-- Supplied data follows --
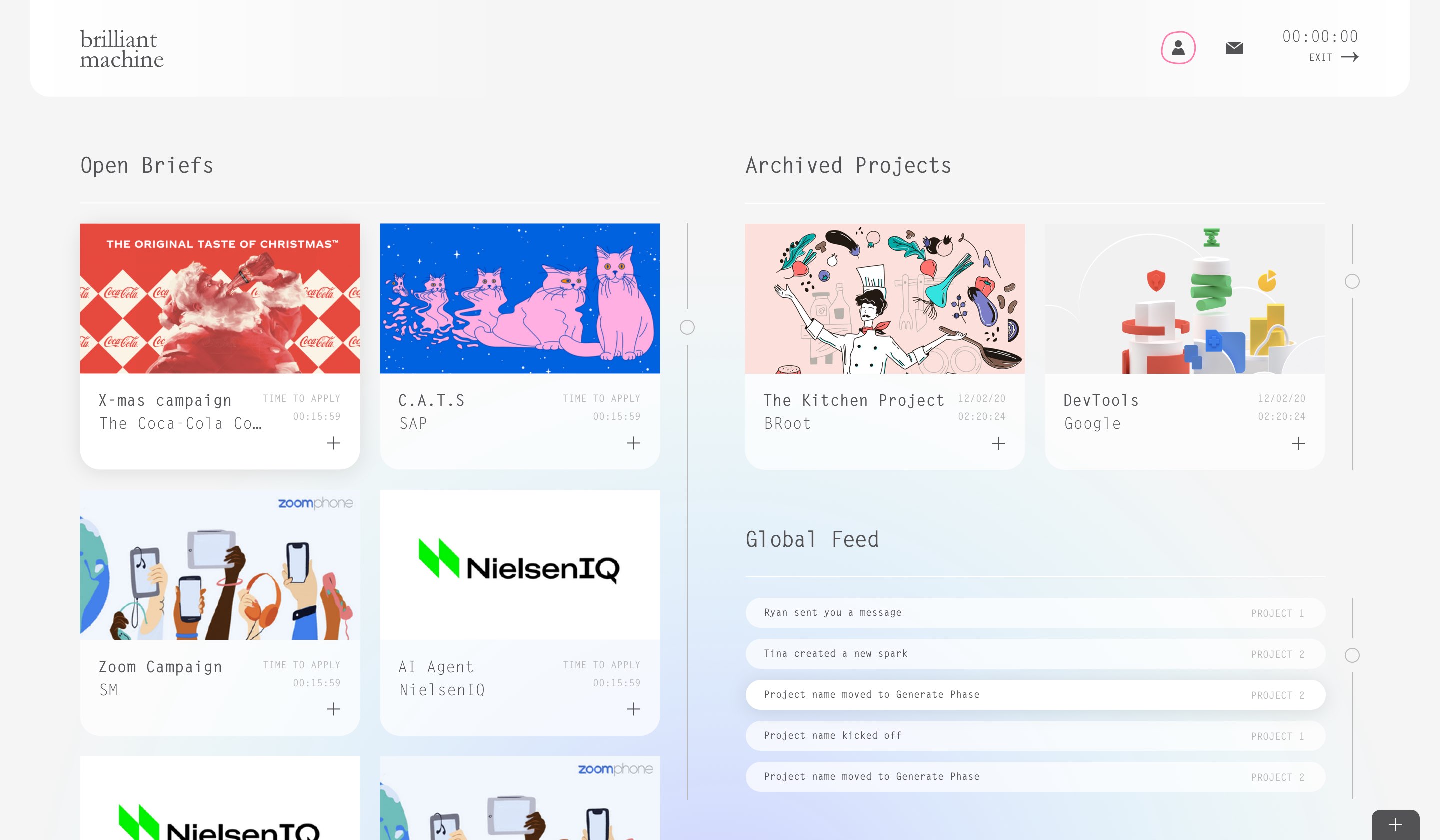 Brilliant Machine Brilliant Machine is a revolutionary platform that assembles customized creative teams to tackle complex challenges. The platform ensures a collaborative process that leverages the unique strengths of every team member.
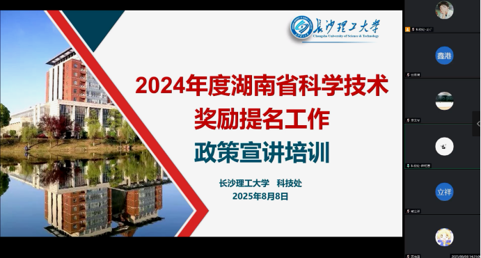 为推动2024年度湖南省科学技术奖提名工作顺利举行,切实提升开云官网科技奖励申报质量与成效,8月8日下午,开云官网举办2024年度湖南省科学技术奖励提名工作政策宣讲线上培训会,共有60余名老师参加会议,会议由校科技处挂职副处长龙卓主讲,科技处副处长陈铭言主持。
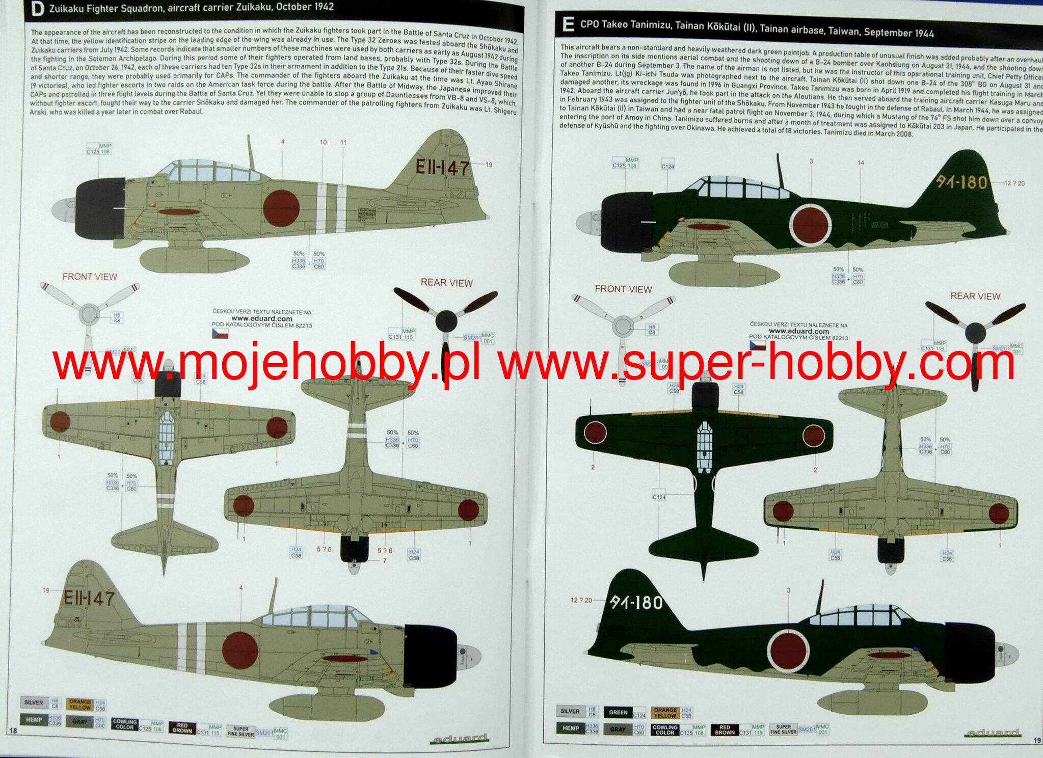 The Mitsubishi A6M Reisen (also known as Zero or Zeke) is a Japanese single-engine, full-metal low-wing fighter aircraft from the Second World War. The flight of the prototype took place on April 1, 1939, and it was put into service in the summer of 1940. The first prototypes were powered by a Mitsubishi Zuisei 13 engine, but from the A6M2 Model 11 onwards, the Nakajima NK1B Sakae 12 engine with 950 HP was used, which made the aircraft one of the best fighters early war period. New versions were created just before and during the war. One of the most famous was the A6M2 Model 21, a special version with folding wings designed for aircraft carriers, prepared at the beginning of the Pacific War, which became the basic Japanese on-board fighter. The next versions are A6M3 and A6M5, each of which had several versions. The first one used the 1130 HP Nakajima Sakae 21 engine with a compressor, which, however, meant an increase in weight and a decrease in range and maneuverability. Attempts were made to solve this problem in the A6M5 version by changing the exhaust system, changing the shape of the wings and resigning from folding them, which increased the top speed. The flight of this version took place in 1943 and was in production until the end of the war. It is worth noting that one of the most widely produced versions of the A6M5 was the A6M5C Model 52C Hei aircraft, of which nearly 5,000 were produced. "Zero" planes took part in the entire war in the Pacific, serving primarily as deck fighters, but also to a large extent as Army fighters. The "father" of this famous aircraft was the engineer Jiro Horikoshi, who relied on the experience gained from working on the M5A aircraft. He managed to develop a very maneuverable plane, with excellent aerodynamic properties, perfect for combat and with a large range. However, this was achieved at the expense of armor and the lack of self-sealing fuel tanks. What's more, due to the lack of aircraft engines with a power comparable to American machines, every year of the war, "Zero" from the "supercar", from 1943, evolved towards the weaker rival P-51, P-47 or F-4 or F- 6. It also turned out to be a machine vulnerable to damage and very vulnerable to fire. However, this does not change the fact that the Allies, until 1943, did not have an aircraft that would be able to compete with the A6M Zero. Technical data (A6M2 model 21 version): length: 9.06m, wingspan: 12m, height: 3.05m, maximum speed: 533km / h, rate of climb: 15.7m / s, maximum range: 3105km, maximum ceiling 10000m , armament: fixed - 2 20mm Type 99-1 cannons and 2 7.7mm Type 97 machine guns, suspended - up to 250 kg of bombs. 3_edu82213_instruction_sheet.pdf
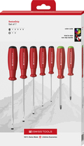 elasticity coupled with with high hardness laser-marked serial number, lifetime guarantee ,PB 8240.RB,PB 8240.RB CBB' [...] 'SwissGrip screwdriver set with wall mount for slotted screws parallel tip, optimum transmission of force, no cam-out convex handle with soft surface, pleasant grip and high torque transmission color coded
-- Supplied data concluded --
-- Your assignment --
Transcribe the material exactly, keeping every word and none of the pictures.

-- Response --
 Brilliant Machine Brilliant Machine is a revolutionary platform that assembles customized creative teams to tackle complex challenges. The platform ensures a collaborative process that leverages the unique strengths of every team member.
 为推动2024年度湖南省科学技术奖提名工作顺利举行,切实提升开云官网科技奖励申报质量与成效,8月8日下午,开云官网举办2024年度湖南省科学技术奖励提名工作政策宣讲线上培训会,共有60余名老师参加会议,会议由校科技处挂职副处长龙卓主讲,科技处副处长陈铭言主持。
 The Mitsubishi A6M Reisen (also known as Zero or Zeke) is a Japanese single-engine, full-metal low-wing fighter aircraft from the Second World War. The flight of the prototype took place on April 1, 1939, and it was put into service in the summer of 1940. The first prototypes were powered by a Mitsubishi Zuisei 13 engine, but from the A6M2 Model 11 onwards, the Nakajima NK1B Sakae 12 engine with 950 HP was used, which made the aircraft one of the best fighters early war period. New versions were created just before and during the war. One of the most famous was the A6M2 Model 21, a special version with folding wings designed for aircraft carriers, prepared at the beginning of the Pacific War, which became the basic Japanese on-board fighter. The next versions are A6M3 and A6M5, each of which had several versions. The first one used the 1130 HP Nakajima Sakae 21 engine with a compressor, which, however, meant an increase in weight and a decrease in range and maneuverability. Attempts were made to solve this problem in the A6M5 version by changing the exhaust system, changing the shape of the wings and resigning from folding them, which increased the top speed. The flight of this version took place in 1943 and was in production until the end of the war. It is worth noting that one of the most widely produced versions of the A6M5 was the A6M5C Model 52C Hei aircraft, of which nearly 5,000 were produced. "Zero" planes took part in the entire war in the Pacific, serving primarily as deck fighters, but also to a large extent as Army fighters. The "father" of this famous aircraft was the engineer Jiro Horikoshi, who relied on the experience gained from working on the M5A aircraft. He managed to develop a very maneuverable plane, with excellent aerodynamic properties, perfect for combat and with a large range. However, this was achieved at the expense of armor and the lack of self-sealing fuel tanks. What's more, due to the lack of aircraft engines with a power comparable to American machines, every year of the war, "Zero" from the "supercar", from 1943, evolved towards the weaker rival P-51, P-47 or F-4 or F- 6. It also turned out to be a machine vulnerable to damage and very vulnerable to fire. However, this does not change the fact that the Allies, until 1943, did not have an aircraft that would be able to compete with the A6M Zero. Technical data (A6M2 model 21 version): length: 9.06m, wingspan: 12m, height: 3.05m, maximum speed: 533km / h, rate of climb: 15.7m / s, maximum range: 3105km, maximum ceiling 10000m , armament: fixed - 2 20mm Type 99-1 cannons and 2 7.7mm Type 97 machine guns, suspended - up to 250 kg of bombs. 3_edu82213_instruction_sheet.pdf
 elasticity coupled with with high hardness laser-marked serial number, lifetime guarantee ,PB 8240.RB,PB 8240.RB CBB' [...] 'SwissGrip screwdriver set with wall mount for slotted screws parallel tip, optimum transmission of force, no cam-out convex handle with soft surface, pleasant grip and high torque transmission color coded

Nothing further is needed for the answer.